Task statement> Leave out the pictures and retype exactly the lines from the one with "Carreaux aux Motifs: (Little" through the end of the records.
══ Provided records ══
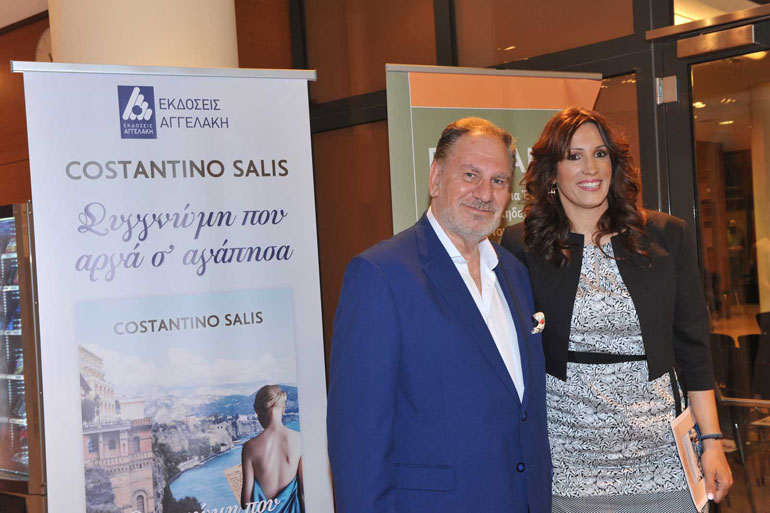 Ο Costantino Salis με την ηθοποιό Μπέσσυ Μάλφα η οποία τραγούδησε και διάβασε αποσπάσματα του βιβλίου «Συγγνώμη που αργά σ’ αγάπησα».
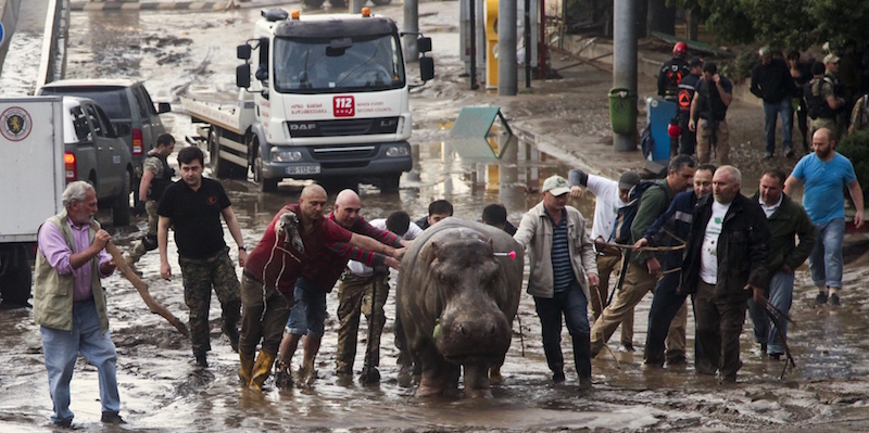 Tigri, leoni e orsi sono pericolosamente liberi per le strade della capitale della Georgia: almeno dodici persone sono morte per le forti piogge
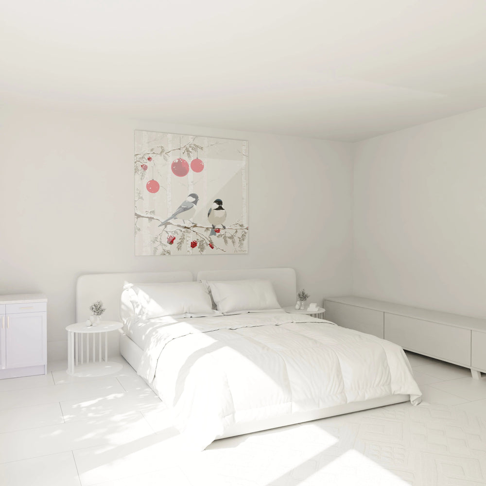 La composition de ce tableau oiseaux branches enneigées révèle un équilibre parfaitement maîtrisé. Les deux oiseaux occupent le centre de l'œuvre, positionnés sur une branche horizontale qui divise naturellement l'espace. Les troncs de bouleaux blancs créent des lignes verticales qui structurent la composition et guident le regard vers les sujets principaux. Les boules de Noël rouges, suspendues à différentes hauteurs, forment un triangle visuel qui dynamise l'ensemble. Cette œuvre oiseaux hiver utilise la règle des tiers avec subtilité, plaçant les éléments clés aux points d'intersection pour créer une harmonie visuelle naturelle.
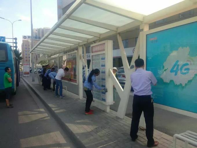 公交候車(chē)亭上面粘有透明膠、不干膠、漿糊等,有的候車(chē)亭燈箱還被糊上了好幾層廣告,黨員們手拿小鏟子、小刷子、清潔球、水桶等清除工具,三人一組、兩人一伙,有的噴水,有的用鏟刀用力清除,一個(gè)個(gè)干的熱火朝天。經(jīng)過(guò)三個(gè)多小時(shí)的清理,西四路兩側(cè)公交候車(chē)亭衛(wèi)生死角和野廣告被清理干凈,市民的候車(chē)環(huán)境衛(wèi)生得到很大改觀。在候車(chē)亭等車(chē)的市民們高興地說(shuō):“站牌上到處都是小廣告,各種顏色的,像牛皮癬一樣討厭,這些黨員真能干,小廣告沒(méi)有了,在候車(chē)亭等車(chē)心情也舒暢了?!?BR> 通過(guò)本次活動(dòng),黨員們用自己的實(shí)際行動(dòng)為清潔公交候車(chē)亭、愛(ài)護(hù)公共環(huán)境作出了努力,使公交候車(chē)亭外觀得到了凈化,營(yíng)造了一個(gè)整潔美觀、文明和諧的候車(chē)環(huán)境,增強(qiáng)了黨組織的凝聚力和戰(zhàn)斗力,從而使黨員們更好地踐行黨員先鋒模范作用,得到了市民們的一致好評(píng)。
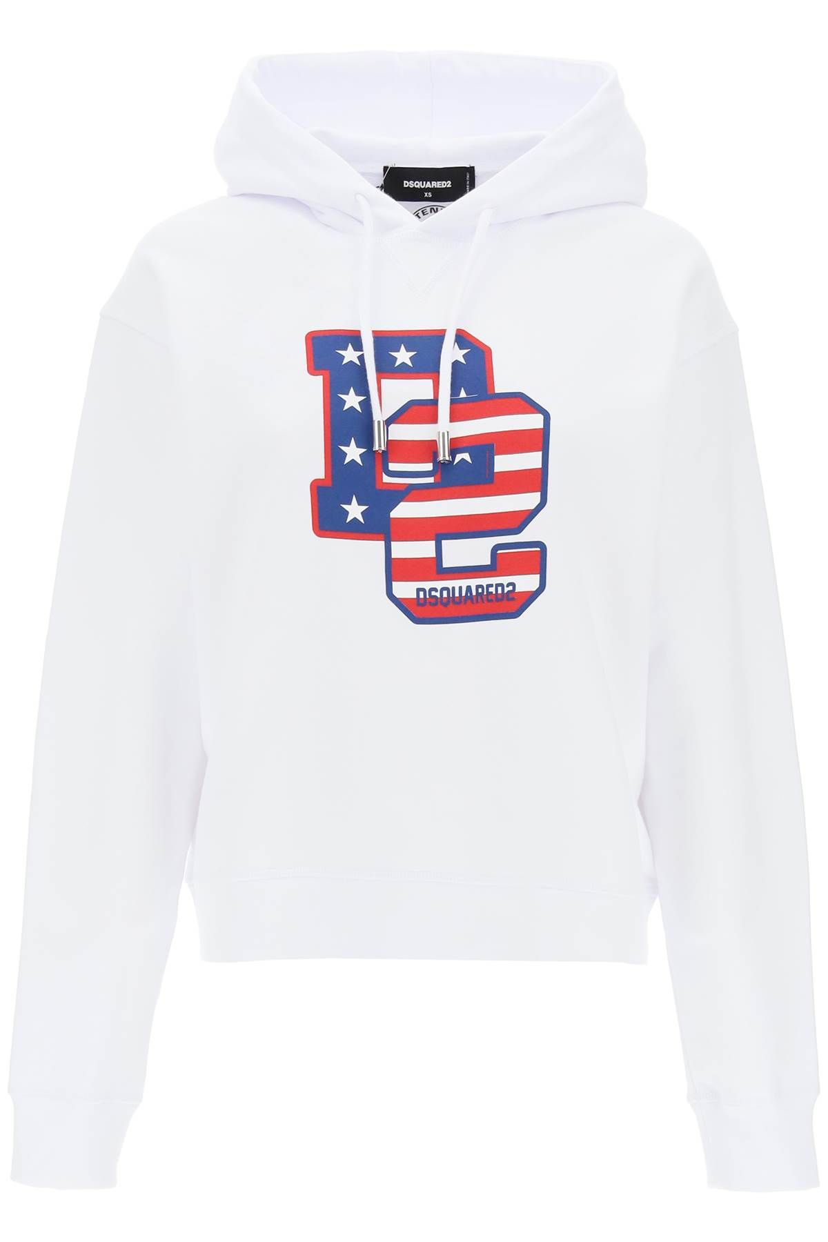 Dsquared2 sweatshirt crafted in cotton french terry with graphic D2 print. It features adjustable hood with drawstring, ribbed hem and cuffs and it is finished with overlock stitching. Cool Fit style with straight relaxed cut. The model is 177 cm tall and wears size XS.
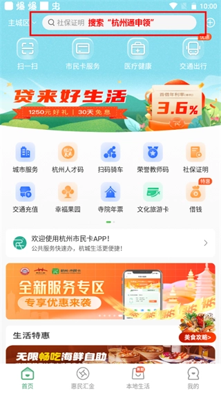 1、市民卡首页搜索“杭州通申领”
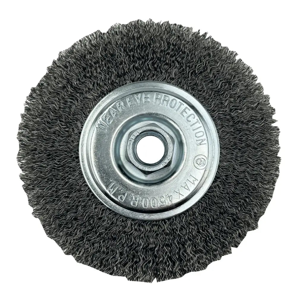 Cirkulär stålborste för snabb rengöring av metall, rostfritt stål och andra metaller.
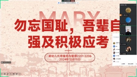 为使学生铭记并了解历史,培养其以实际行动展现爱国情怀与责任担当。2024年12月15日,婴幼儿托育服务与管理专业2201至2206班的学生们在腾讯会议平台共同举办了以“勿忘国耻,吾辈自强”为主题的班会。
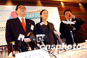 香港明天更好基金行政總裁袁金浩(左)介紹活動通過互聯網向全球推廣香港,促進香港經濟復蘇。
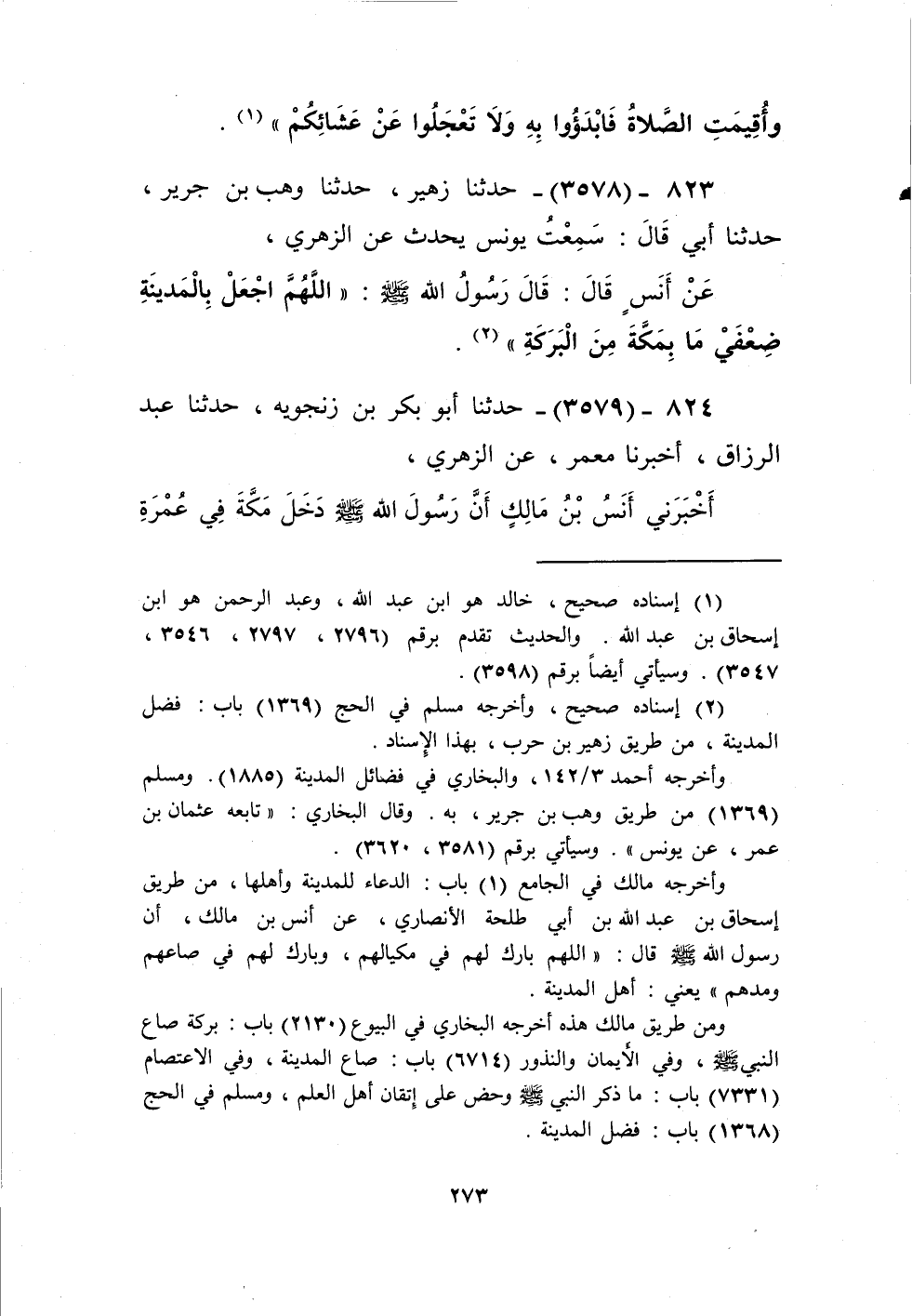 3578 - حَدَّثَنَا زُهَيْرٌ، حَدَّثَنَا وَهْبُ بْنُ جَرِيرٍ، حَدَّثَنَا أَبِي قَالَ: سَمِعْتُ يُونُسَ، يُحَدِّثُ، عَنِ الزُّهْرِيِّ، عَنْ أَنَسٍ، قَالَ: قَالَ رَسُولُ اللَّهِ صَلَّى اللهُ عَلَيْهِ وَسَلَّمَ: «§اللَّهُمَّ اجْعَلْ بِالْمَدِينَةِ ضِعْفَيْ مَا بِمَكَّةَ مِنَ الْبَرَكَةِ» Kإسناده صحيح
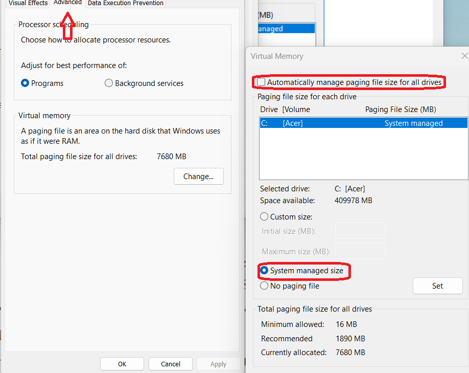 GrifoPestaña avanzada>Cambiar> desmarcarAdministre automáticamente el tamaño del archivo de paginación para todas las unidades>Tamaño administrado por el sistema>DE ACUERDO.
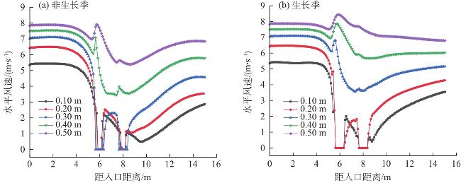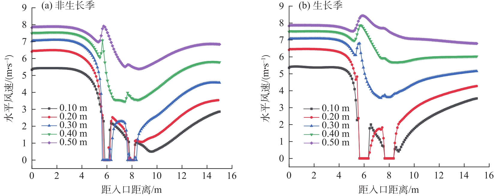 植物固沙是北方干旱、半干旱区防治风沙灾害的重要措施之一,其中琵琶柴(Reaumuria soongorica)为荒漠区分布最广泛的半灌木,具有重要的应用价值。本文利用计算平台Fluent对琵琶柴植株附近的流场进行数值模拟,分析风速特征和积沙特征。结果表明:(1) 在10 m·s-1初始风速下,植株前后皆会形成涡流,其高度和强度与距植株远近有关,整体低于0.25 m。(2) 数值模拟结果表明,气流水平方向速度的变化多呈“N”和“W”型曲线,而垂直方向的气流速度变化则为“V”型曲线。(3) 在较低风速下,非生长季琵琶柴的阻风效能要优于生长季,株后防护距离4 m;当风速大于6 m·s-1时,双排生长季琵琶柴株后风速降低幅度可大于94.45%。(4) 琵琶柴具有良好的阻沙效果,在初始风速为6 m·s-1时,大部分沙粒堆积在植株前后底部;当风速增至10 m·s-1时,生长季琵琶柴阻沙良好,沙粒主要沉积在株后1.5~3 H,沙粒堆积高度小于0.1 m;当初始风速为15 m·s-1时,生长季琵琶柴株后积沙主要分布在株后2~3.5 H,而非生长季琵琶柴沙粒堆积范围则在株后1~10 H。无论何种生长季琵琶柴均能有效降低风场内气流速度,并对气流所携带的沙粒具有良好的沉降作用,在植物治沙工程中起重要作用。
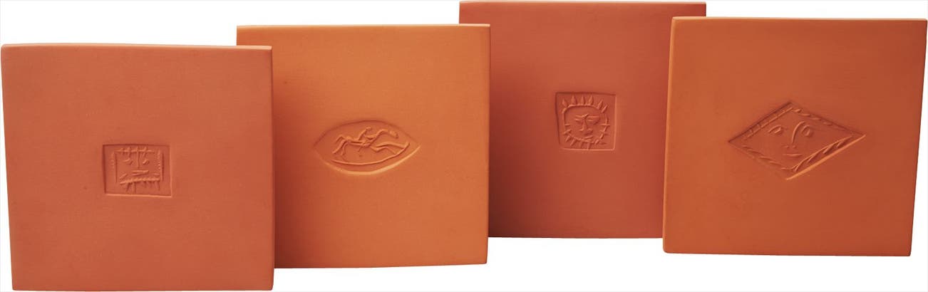 Carreaux aux Motifs: (Little Square with Face); (Oval with Horse); (Little Square with Sun); and (Lozenge with Face)
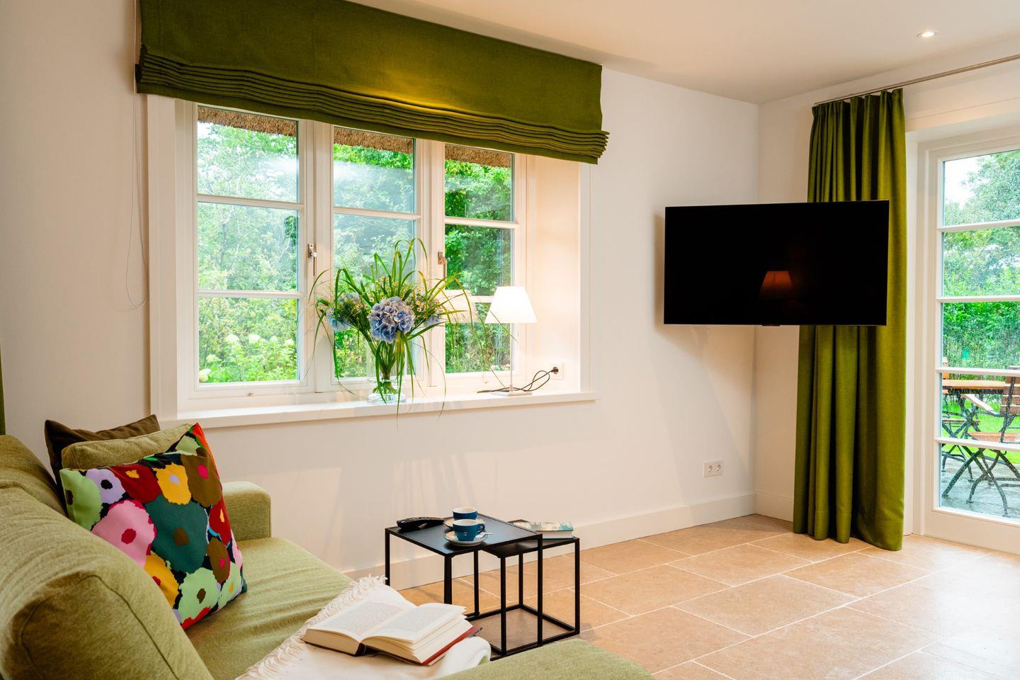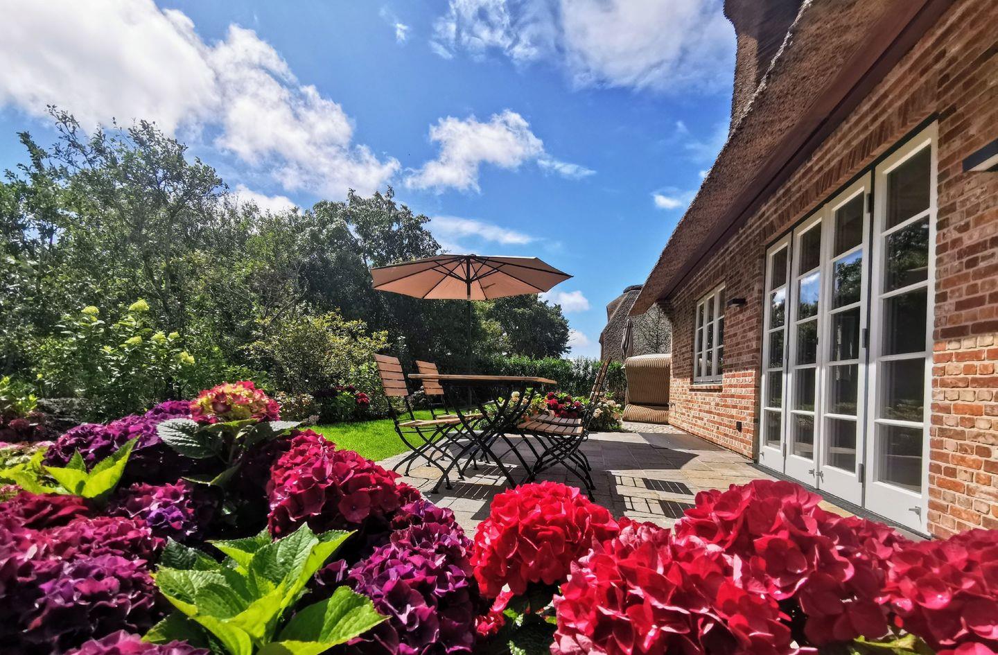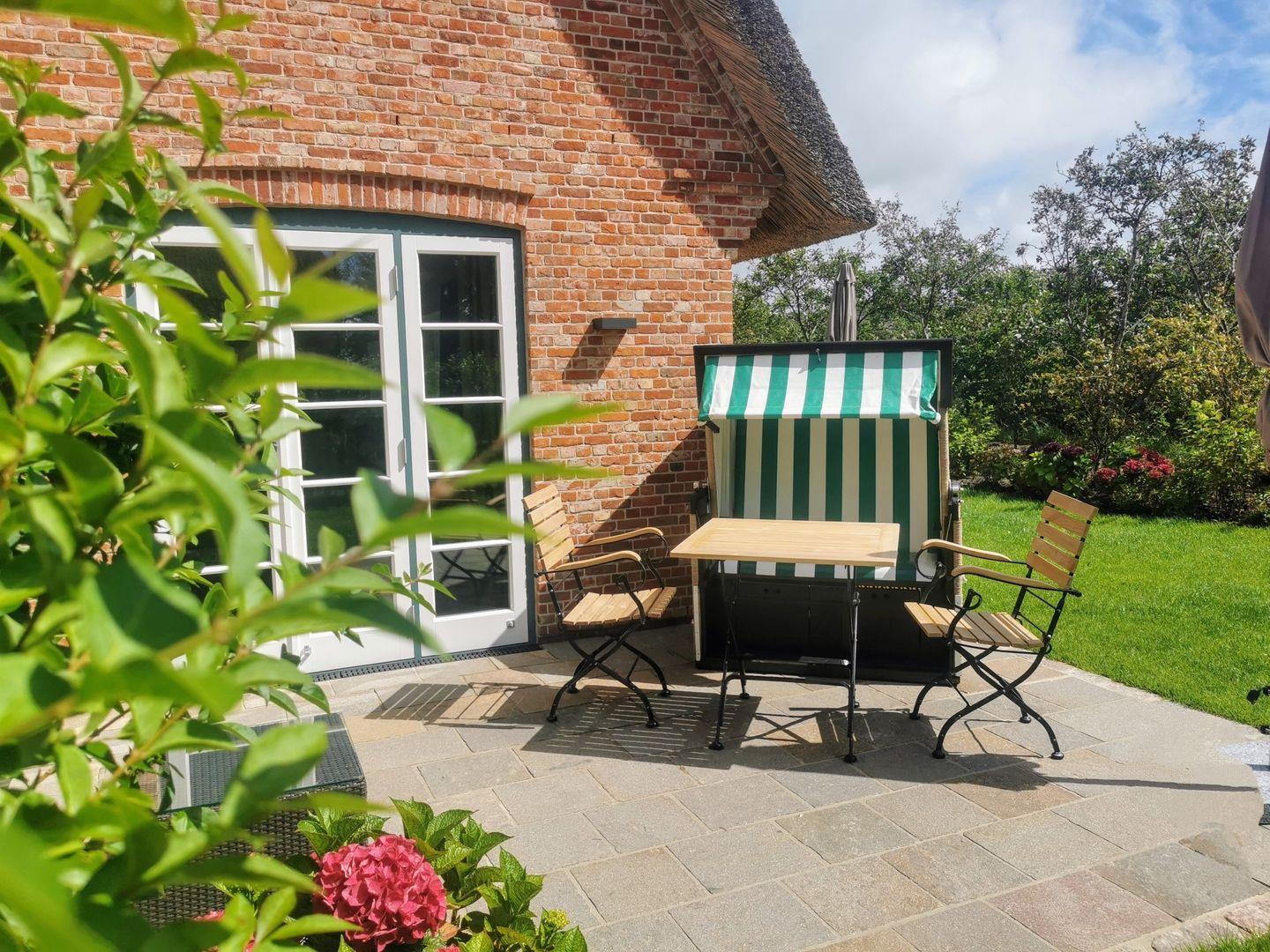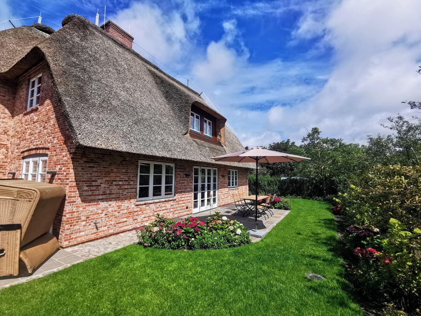 Exklusive Doppelhaushälfte unter Reet in idyllischem Keitum, modern ausgestattet mit Sauna, Garten und Nähe zum Wattenmeer.
═══
The completed task>
 Carreaux aux Motifs: (Little Square with Face); (Oval with Horse); (Little Square with Sun); and (Lozenge with Face)
 Exklusive Doppelhaushälfte unter Reet in idyllischem Keitum, modern ausgestattet mit Sauna, Garten und Nähe zum Wattenmeer.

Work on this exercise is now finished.